• _WHAT TO PRODUCE_:
The listing is to be reproduced in full, with no character altered.

• _TASK INPUT_:
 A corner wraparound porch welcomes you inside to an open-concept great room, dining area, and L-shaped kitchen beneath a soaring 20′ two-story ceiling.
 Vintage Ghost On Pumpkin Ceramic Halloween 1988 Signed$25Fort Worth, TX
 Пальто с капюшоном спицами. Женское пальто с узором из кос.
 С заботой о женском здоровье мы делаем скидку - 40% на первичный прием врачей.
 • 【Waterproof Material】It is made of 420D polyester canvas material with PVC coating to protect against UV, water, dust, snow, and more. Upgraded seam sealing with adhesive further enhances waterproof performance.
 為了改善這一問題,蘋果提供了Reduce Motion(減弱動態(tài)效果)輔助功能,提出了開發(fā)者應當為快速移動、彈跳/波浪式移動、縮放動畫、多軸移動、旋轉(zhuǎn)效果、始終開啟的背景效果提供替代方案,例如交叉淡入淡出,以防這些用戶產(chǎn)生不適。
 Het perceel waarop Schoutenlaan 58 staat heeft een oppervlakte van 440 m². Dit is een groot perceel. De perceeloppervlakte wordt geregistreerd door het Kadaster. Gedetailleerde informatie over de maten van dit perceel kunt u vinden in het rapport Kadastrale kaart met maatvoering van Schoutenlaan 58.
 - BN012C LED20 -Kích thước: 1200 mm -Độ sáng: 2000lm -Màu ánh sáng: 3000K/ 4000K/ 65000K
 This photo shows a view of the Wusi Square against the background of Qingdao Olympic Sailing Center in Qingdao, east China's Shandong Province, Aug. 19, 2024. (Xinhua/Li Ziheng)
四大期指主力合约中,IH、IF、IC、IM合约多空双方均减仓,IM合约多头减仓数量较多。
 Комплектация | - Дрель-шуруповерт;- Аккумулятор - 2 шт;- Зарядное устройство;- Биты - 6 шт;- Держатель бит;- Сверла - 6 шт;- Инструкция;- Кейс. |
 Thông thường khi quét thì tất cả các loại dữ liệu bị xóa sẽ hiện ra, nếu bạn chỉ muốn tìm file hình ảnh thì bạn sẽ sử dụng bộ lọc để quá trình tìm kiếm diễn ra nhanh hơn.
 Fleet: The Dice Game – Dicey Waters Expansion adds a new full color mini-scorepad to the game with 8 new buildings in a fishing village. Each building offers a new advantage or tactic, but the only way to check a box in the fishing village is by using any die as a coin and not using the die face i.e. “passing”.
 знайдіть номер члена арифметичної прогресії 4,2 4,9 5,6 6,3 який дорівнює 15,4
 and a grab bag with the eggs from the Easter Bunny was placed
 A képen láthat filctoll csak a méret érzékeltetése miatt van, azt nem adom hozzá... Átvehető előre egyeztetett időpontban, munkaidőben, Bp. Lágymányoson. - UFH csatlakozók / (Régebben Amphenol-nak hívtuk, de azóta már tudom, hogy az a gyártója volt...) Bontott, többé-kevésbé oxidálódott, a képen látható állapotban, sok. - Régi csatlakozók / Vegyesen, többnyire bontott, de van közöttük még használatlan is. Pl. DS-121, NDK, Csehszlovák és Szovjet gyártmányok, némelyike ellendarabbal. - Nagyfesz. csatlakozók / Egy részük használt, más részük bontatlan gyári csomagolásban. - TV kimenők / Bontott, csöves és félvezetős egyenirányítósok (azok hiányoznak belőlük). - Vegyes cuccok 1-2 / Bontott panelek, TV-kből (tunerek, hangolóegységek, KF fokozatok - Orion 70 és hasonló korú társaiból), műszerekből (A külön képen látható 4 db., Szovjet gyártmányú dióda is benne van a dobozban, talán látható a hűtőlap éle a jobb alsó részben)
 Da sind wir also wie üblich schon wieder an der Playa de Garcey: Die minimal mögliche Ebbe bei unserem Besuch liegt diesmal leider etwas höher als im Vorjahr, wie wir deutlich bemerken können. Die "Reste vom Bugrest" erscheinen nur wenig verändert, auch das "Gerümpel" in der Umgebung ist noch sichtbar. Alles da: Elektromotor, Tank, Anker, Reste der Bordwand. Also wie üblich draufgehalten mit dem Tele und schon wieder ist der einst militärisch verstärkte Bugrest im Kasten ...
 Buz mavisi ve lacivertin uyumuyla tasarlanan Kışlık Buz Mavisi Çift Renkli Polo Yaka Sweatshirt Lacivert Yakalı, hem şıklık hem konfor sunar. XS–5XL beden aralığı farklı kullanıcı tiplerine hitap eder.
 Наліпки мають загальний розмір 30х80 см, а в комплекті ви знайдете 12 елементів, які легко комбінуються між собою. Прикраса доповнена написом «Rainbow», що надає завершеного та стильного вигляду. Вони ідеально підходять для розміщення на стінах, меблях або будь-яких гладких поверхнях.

• _ANSWER BELOW_:
 A corner wraparound porch welcomes you inside to an open-concept great room, dining area, and L-shaped kitchen beneath a soaring 20′ two-story ceiling.
 Vintage Ghost On Pumpkin Ceramic Halloween 1988 Signed$25Fort Worth, TX
 Пальто с капюшоном спицами. Женское пальто с узором из кос.
 С заботой о женском здоровье мы делаем скидку - 40% на первичный прием врачей.
 • 【Waterproof Material】It is made of 420D polyester canvas material with PVC coating to protect against UV, water, dust, snow, and more. Upgraded seam sealing with adhesive further enhances waterproof performance.
 為了改善這一問題,蘋果提供了Reduce Motion(減弱動態(tài)效果)輔助功能,提出了開發(fā)者應當為快速移動、彈跳/波浪式移動、縮放動畫、多軸移動、旋轉(zhuǎn)效果、始終開啟的背景效果提供替代方案,例如交叉淡入淡出,以防這些用戶產(chǎn)生不適。
 Het perceel waarop Schoutenlaan 58 staat heeft een oppervlakte van 440 m². Dit is een groot perceel. De perceeloppervlakte wordt geregistreerd door het Kadaster. Gedetailleerde informatie over de maten van dit perceel kunt u vinden in het rapport Kadastrale kaart met maatvoering van Schoutenlaan 58.
 - BN012C LED20 -Kích thước: 1200 mm -Độ sáng: 2000lm -Màu ánh sáng: 3000K/ 4000K/ 65000K
 This photo shows a view of the Wusi Square against the background of Qingdao Olympic Sailing Center in Qingdao, east China's Shandong Province, Aug. 19, 2024. (Xinhua/Li Ziheng)
四大期指主力合约中,IH、IF、IC、IM合约多空双方均减仓,IM合约多头减仓数量较多。
 Комплектация | - Дрель-шуруповерт;- Аккумулятор - 2 шт;- Зарядное устройство;- Биты - 6 шт;- Держатель бит;- Сверла - 6 шт;- Инструкция;- Кейс. |
 Thông thường khi quét thì tất cả các loại dữ liệu bị xóa sẽ hiện ra, nếu bạn chỉ muốn tìm file hình ảnh thì bạn sẽ sử dụng bộ lọc để quá trình tìm kiếm diễn ra nhanh hơn.
 Fleet: The Dice Game – Dicey Waters Expansion adds a new full color mini-scorepad to the game with 8 new buildings in a fishing village. Each building offers a new advantage or tactic, but the only way to check a box in the fishing village is by using any die as a coin and not using the die face i.e. “passing”.
 знайдіть номер члена арифметичної прогресії 4,2 4,9 5,6 6,3 який дорівнює 15,4
 and a grab bag with the eggs from the Easter Bunny was placed
 A képen láthat filctoll csak a méret érzékeltetése miatt van, azt nem adom hozzá... Átvehető előre egyeztetett időpontban, munkaidőben, Bp. Lágymányoson. - UFH csatlakozók / (Régebben Amphenol-nak hívtuk, de azóta már tudom, hogy az a gyártója volt...) Bontott, többé-kevésbé oxidálódott, a képen látható állapotban, sok. - Régi csatlakozók / Vegyesen, többnyire bontott, de van közöttük még használatlan is. Pl. DS-121, NDK, Csehszlovák és Szovjet gyártmányok, némelyike ellendarabbal. - Nagyfesz. csatlakozók / Egy részük használt, más részük bontatlan gyári csomagolásban. - TV kimenők / Bontott, csöves és félvezetős egyenirányítósok (azok hiányoznak belőlük). - Vegyes cuccok 1-2 / Bontott panelek, TV-kből (tunerek, hangolóegységek, KF fokozatok - Orion 70 és hasonló korú társaiból), műszerekből (A külön képen látható 4 db., Szovjet gyártmányú dióda is benne van a dobozban, talán látható a hűtőlap éle a jobb alsó részben)
 Da sind wir also wie üblich schon wieder an der Playa de Garcey: Die minimal mögliche Ebbe bei unserem Besuch liegt diesmal leider etwas höher als im Vorjahr, wie wir deutlich bemerken können. Die "Reste vom Bugrest" erscheinen nur wenig verändert, auch das "Gerümpel" in der Umgebung ist noch sichtbar. Alles da: Elektromotor, Tank, Anker, Reste der Bordwand. Also wie üblich draufgehalten mit dem Tele und schon wieder ist der einst militärisch verstärkte Bugrest im Kasten ...
 Buz mavisi ve lacivertin uyumuyla tasarlanan Kışlık Buz Mavisi Çift Renkli Polo Yaka Sweatshirt Lacivert Yakalı, hem şıklık hem konfor sunar. XS–5XL beden aralığı farklı kullanıcı tiplerine hitap eder.
 Наліпки мають загальний розмір 30х80 см, а в комплекті ви знайдете 12 елементів, які легко комбінуються між собою. Прикраса доповнена написом «Rainbow», що надає завершеного та стильного вигляду. Вони ідеально підходять для розміщення на стінах, меблях або будь-яких гладких поверхнях.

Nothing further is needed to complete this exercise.